Minggu, 24 Maret 2013

kucingku...

oleh Ahmad Arifin (Catatan) pada 28 Juni 2012 pukul 17:25
KUCINGKU TELU


Kucingku telu…
Kabeh lemu-lemu
Sing Siji Abang..
Sing Loro klawu..
Meong-meong, tak pakani lonthong..
Adikku seneng, kancaku ndhomblong…

Lagu dolanan kucingku telu memang kerap terdengar di kota Pare pada waktu itu (bahkan sampai sekarang mungkin lagu tersebut masih sering terdengar), biasanya lagu “kucingku telu” dinyanyikan bocah-bocah diwaktu padhang mbulan/ bulan lagi gedhe-gehenya, juga terkadang dibuat “nguru-nguru atau menina bobokkan bocah kecil bila lagi rewel dan tidak bisa tidur.
       Entah siapa yang menciptakan lagu “kucingku telu”, yang jelas folk song satu ini sudah ada ketika kakek nenek kita masih suka bermain di halaman bersama kawan2nya dan kehadiranya selalu memberi kehangatan suasana bersama semilir angin.
       Syair dan iramanya yang sederhana seakan memberi nasehat buat bocah-bocah agar selalu sayang terhadap Kucing, karena Kucing memang salah satu hewan yang banyak dijumpai di kota Pare.


 Nada Isyarat Buat Para Piaraan

         “Kur…kur…kur…, ri….ri….ri… !!!”
         Irama nada tersebut sangat khas, dengan suara yang keras sering terdengar di kampung-kampung dan pedusunan, biasanya irama tersebut sering dikumandangkan pada waktu pagi dan sore hari. “Ri…ri…ri..” adalah irama yang dikhususkan untuk memanggil bebek, sedangkan “kur..kur…kur.. “ biasa untuk memanggil seekor “pitik alias ayam piaraan.
         Pada waktu memberi makanan irama tersebut dikumandangkan, maka kemudian berdatangan ayam-ayam dan bebek piaraan itu.
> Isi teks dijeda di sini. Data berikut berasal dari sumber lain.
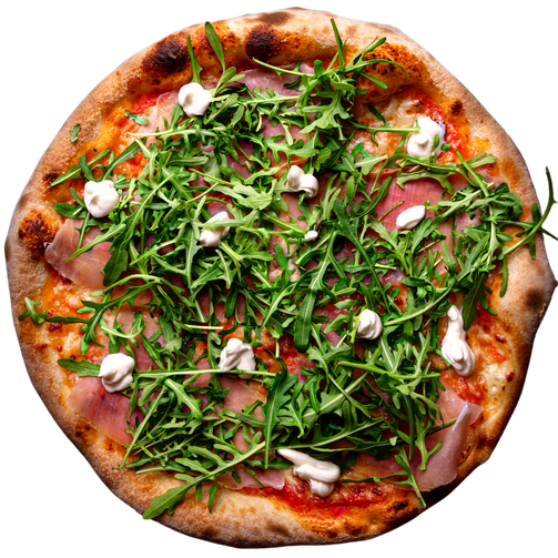 Tomatensauce, Mozzarella, Philadelphia, Rohschinken, Ruccola
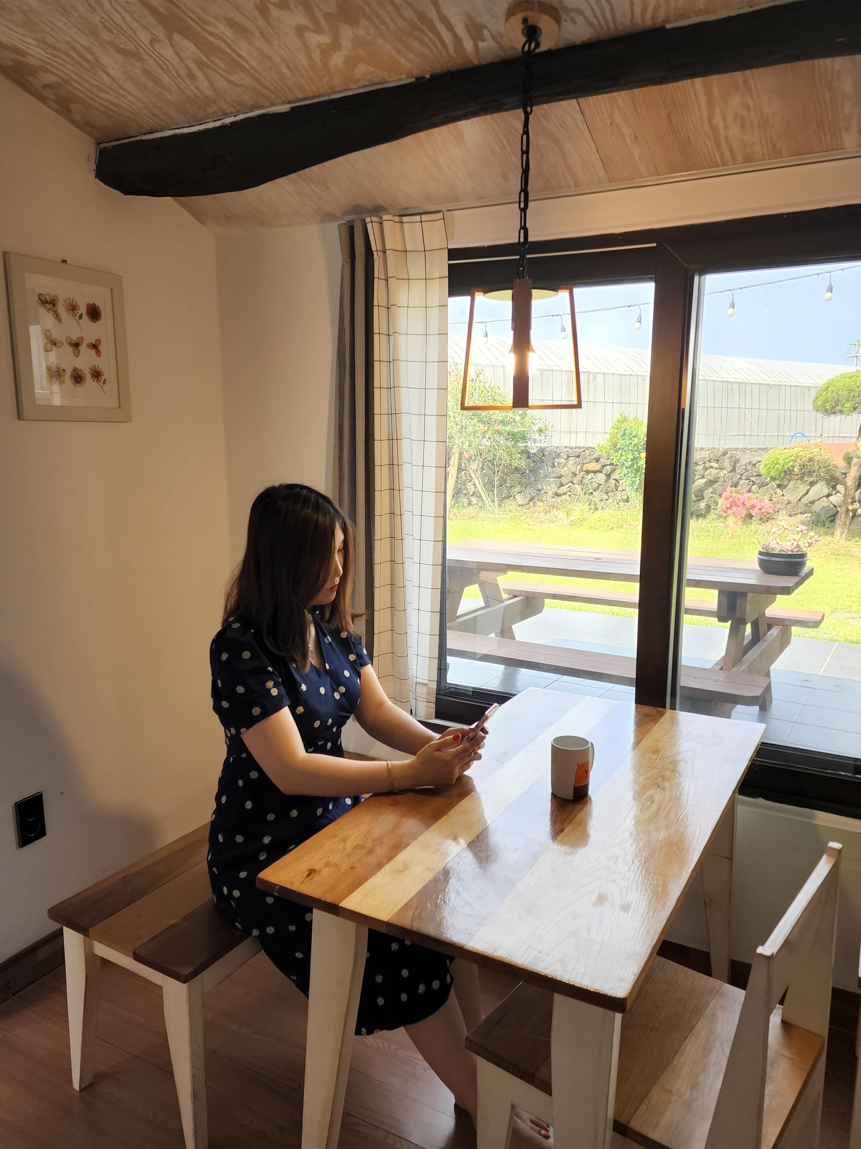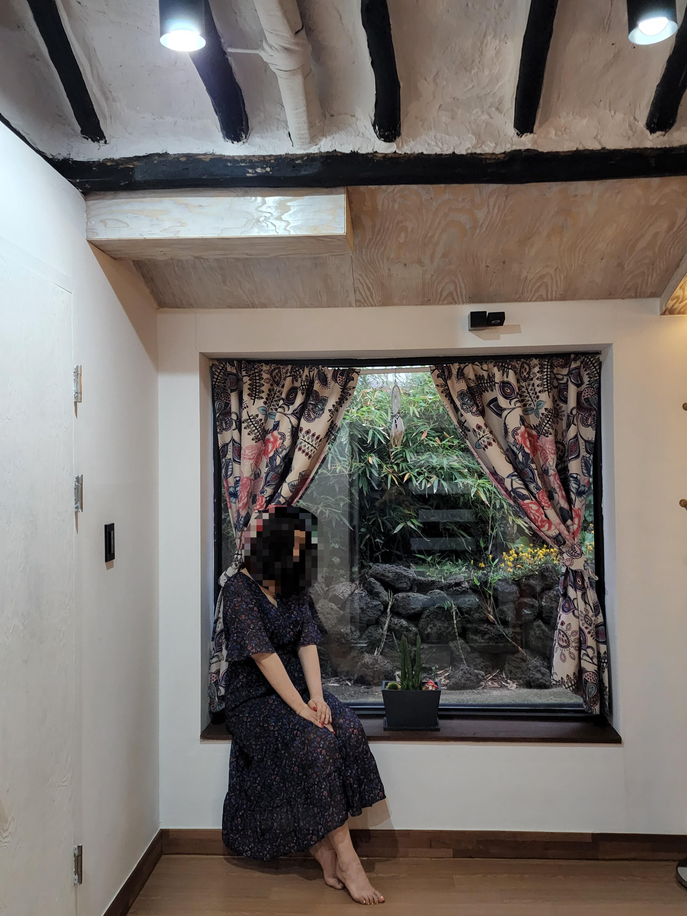 창밖으로 보이는 돌담을 배경으로 너무 예쁜 포토존이었어요.

Untuk menu utamanya cukup jagung dan menir terkadang diberi serbuk “katul dan dedak”. Sedangkan untuk tempat makanan tidak usah repot-repot, cukup disebarkan di halaman belakang, karena piaraan semuanya “diumbar (dibiarkan lepas dari kandang) alias dalam istilah djawa nya yaitu “Sobo berkeliaran mencari makanan di kebun-kebun. Kebanyakan untuk jenis ayam yang “Sobo adalah ayam kampung.berjenis : Pitik walik, pitik kate, dan pitik trondhol ,semuanya  berkokok dan berkotek menambah ramainya suasana kebun yang ada di halaman belakang  .
         Tak jarang ayam-ayam ini bertarung untuk memperebutkan ayam betina dan selalu diakhiri dengan larinya pejantan yang kalah. Bila anda ingin mengamati ayam tersebut, mereka mempunyai cirri-ciri sebagai berikut :
         a.   Pitik Jowo            :  Ayam kampung biasa seperti yang biasa kita lihat sehari-hari
         b.   Pitik Walik          :  Ayam piaraan yang mempunyai bulu-bulu terbalik, anda bisa membandingkan dengan sebuah sulak yang biasa buat bersih-bersih.
         c.   Pitik Kate             :  Ayam piaraan yang mempunyai ukuran badan kecil, dan kerdil. Untuk jaman perjuangan kemerdekaan tahun 1945, tentara Jepang selalu disamakan dengan “ayam kate ini. Orang tua-tua dulu biasa mengungkapkan kata-kata begini “Joko kate, koyok Jepang ae… (perjaka kecil…, seperti tentara Jepang aja)”.
         d.   Pitik Trondhol      :  Ayam  piaraan yang pada bagian lehernya tidak ada bulu sedikitpun, sehingga mirip dengan petinju Myke Tyson yang lehernya gundhul, hanya rambut bagian atas kepala saja yang ada, dan itupun hanya sedikit.
         Bila hari menjelang sore, irama tersebut kembali dikumandangkan sebagai isyarat  agar para piaraan tersebut pulang ke kandhang / “ngombong”kur … kur … kur … ri … ri … .ri..”.